Автор книги: Эдуард Филатьев


Жанр: Биографии и Мемуары, Публицистика


Возрастные ограничения: +18

сообщить о неприемлемом содержимом

Текущая страница: 32 (всего у книги 64 страниц)

Шрифт:
- 100% +
Появление проблем

В марте 1931 года Яков Агранов был назначен начальником Секретно-политического отдела ОГПУ СССР и стал членом коллегии этого чрезвычайного ведомства.

А поэт Иван Приблудный (Яков Петрович Овчаренко), давно уже завербованный гепеушниками, их ожиданий не оправдал. Мало этого, он начал обвинять ОГПУ в том, что оно…

«…преувеличивает политическое значение поступающих в его распоряжение агентурных данных о политической нелояльности поведения тех или иных лиц».

ОГПУ отреагировало мгновенно – в журнале «Смена» была напечатана резко отрицательная рецензия на новую книгу Приблудного. Его стихи назывались «мелкобуржуазными», а на самого автора была помещена карикатура художников Кукрыниксов (поэт пожимал руки попу и кулаку).

Мало этого, 17 мая Приблудного арестовали (за распространение эпиграммы на главу Красной армии Клима Ворошилова) и выслали в Астрахань.

Сам же Ворошилов (вместе с Орджоникидзе и во главе со Сталиным) отправился на аэродром, где вождям показали новый советский истребитель И-5, созданный в гепеушной шарашке Николаем Поликарповым и Дмитрием Григоровичем. Одним из лётчиков, который демонстрировал самолёт, был тогда ещё мало кому известный Валерий Чкалов. Кремлёвские вожди от увиденного были в восторге, и ими было принято решение считать приговор в отношении Поликарпова условным. Мало этого, он был направлен работать в ОКБ ТТАГИ заместителем начальника бригады. Григорович тоже получил полную волю и, продолжая создавать самолеты, стал преподавать в Московском авиационном институте. А их самолёт И-5 целых девять лет был на вооружении ВВС РККА.

Тем временем в сёлах страны с началом посевной кампании стали возникать трудности – не было семян для засева колхозных и совхозных полей. Зерно пришлось завозить из соседних губерний, и без того уже (в результате хлебозаготовок) лишённых запасов пшеницы и ячменя. Тех, кто слишком сильно возмущался и протестовал против проводившейся политики, тут же арестовывали работники ОГПУ.

Юсуп Абдрахманов:

«23.05.1931.

Вчера приехала сестра, которую не видел… 8 лет… Её муж арестован уже 3 месяца ГПУ. За что? За какие проступки? – не знаю. И она приехала, чтоб найти во мне защитника? Кто он? Богач? Лишенец? Преступник? Не знаю и она не знает… О, как суров железный закон жизни. Если бы я хотел защитить её, её мужа, я смог бы, но… я не хочу. Сознание долга, сознание революционера этому обязывает. О, родная и… несчастная. Мне больно за тебя, но я прежде всего солдат того класса, к которому пришёл и с которым связал свою судьбу, до последней минуты вздоха».

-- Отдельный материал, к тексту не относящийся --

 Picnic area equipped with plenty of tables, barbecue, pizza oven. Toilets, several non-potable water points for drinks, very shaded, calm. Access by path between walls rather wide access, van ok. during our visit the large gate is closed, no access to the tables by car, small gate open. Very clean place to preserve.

А освобождённый чекистами Мартемьян Рютин всё больше задумывался над тем, чтобы собрать вокруг себя истинных марксистов-ленинцев, не согласных с той ошибочной политикой, которую проводило сталинское ЦК.

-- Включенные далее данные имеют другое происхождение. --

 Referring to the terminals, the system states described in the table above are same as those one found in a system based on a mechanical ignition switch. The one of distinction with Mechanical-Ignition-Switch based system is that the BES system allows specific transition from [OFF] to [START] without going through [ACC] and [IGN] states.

Вальтер Кривицкий обратил внимание на интересную особенность первых лет советской власти:

«Ленин, основатель Советского государства, предупреждал своих последователей против вынесения смертного приговора членам правящей партии большевиков. Он ссылался на печальный пример Французской революции, которая пожрала своих детей. На протяжении 15 лет Советская власть не нарушала этого ленинского завета. Все большевистские еретики подлежали исключению из партии, тюремному заключению, ссылке, увольнению с работы или лишению средств существования. Однако неписанный закон запрещал вынесение смертного приговора членам партии за политические проступки».

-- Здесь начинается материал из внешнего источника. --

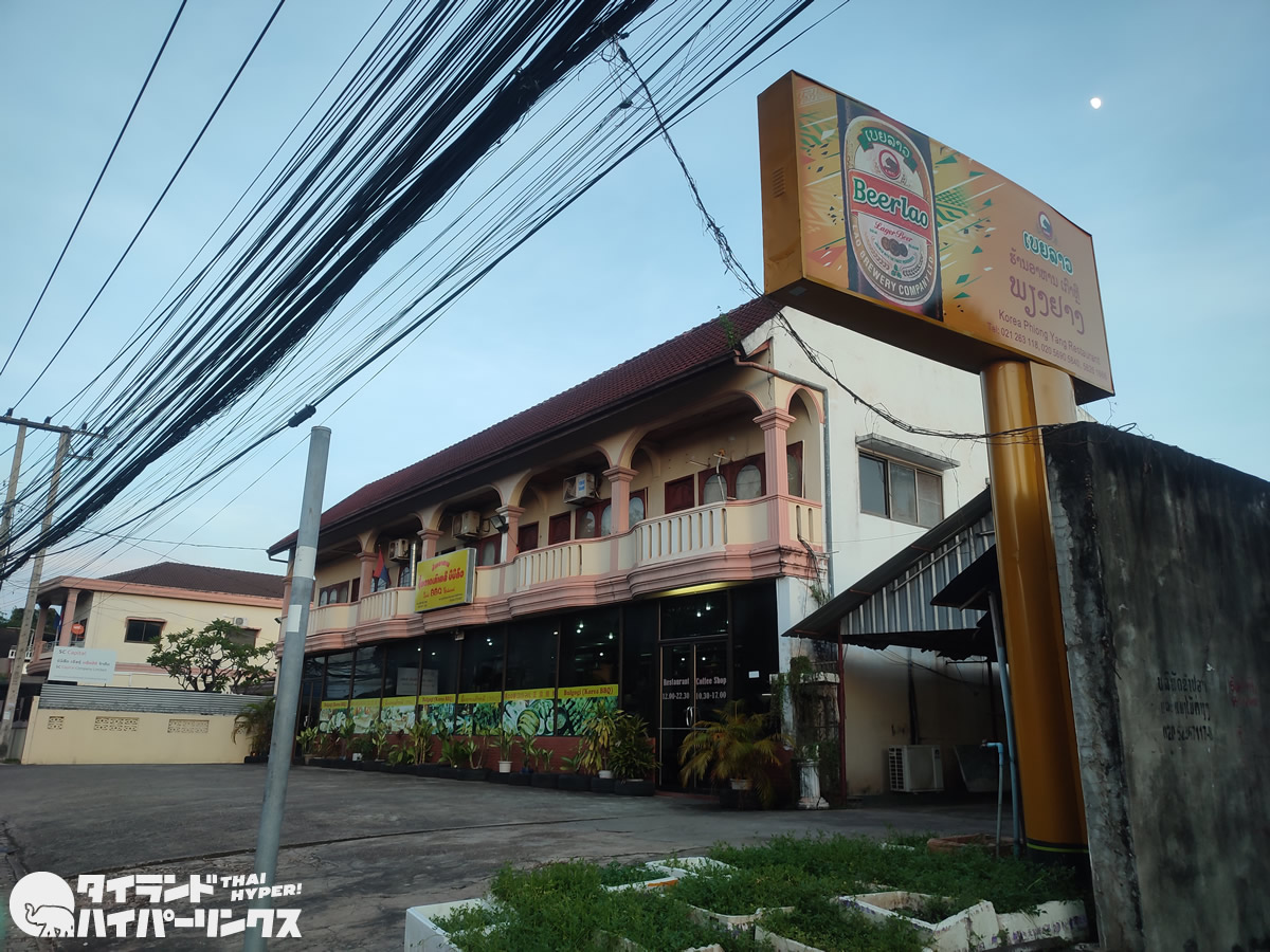 北朝鮮レストランがあるのは、ビエンチャンのNongbone通り。洒落たレストランや洒落ていないレストランが点在する通りですが、中でも洒落ていない分類に入るであろう「平壌レストラン」です。

Лили Брик в это время проживала в Ростове-на-Дону, где служил Виталий Примаков. В Москве бывала наездами. «Наследство», которое ей вручило советское правительство, было довольно скудным. Об этом – Аркадий Ваксберг:

«…издание книг Маяковского кем-то невидимым тормозилось, издание книг и даже статей о нём – ещё энергичней.

Совсем скандальный эпизод произошёл с одной из страстных пропагандисток творчества Маяковского, знавшей его при жизни, – критиком и публицистом Любовью Фейгельман. По настоянию «политредактора» (то есть цензора) Клавдии Новгородцевой (вдовы ближайшего ленинского сподвижника Якова Свердлова) Фейгельман была исключена из комсомола и изгнана с работы в одном из журналов «за пропаганду богемного, хулиганского поэта Маяковского». Попытки Лили за неё заступиться окончились ничем: сама она значила тогда очень мало, а Агранов умыл руки и вмешиваться не захотел. Не захотел или не мог? После загадочного и скандального ухода из жизни "друга чекистов "лубянские боссы вряд ли могли хоть с какого-то бока заниматься делами, имевшими к нему отношение».

Новые проблемы

В июне 1931 года писатель Евгений Замятин, которого (после опубликования за границей романа «Мы») в СССР вообще перестали печатать, написал письмо Сталину с просьбой отпустить его за границу. В письме, в частности, говорилось:

«Приговорённый к высшей мере наказания – автор настоящего письма – обращается к Вам с просьбой о замене этой меры другою… Для меня, как писателя, именно смертным приговором является лишение возможности писать, а обстоятельства сложились так, что продолжать свою работу я не могу, потому что никакое творчество немыслимо, если приходится работать в атмосфере систематической, год от году увеличивающейся травли».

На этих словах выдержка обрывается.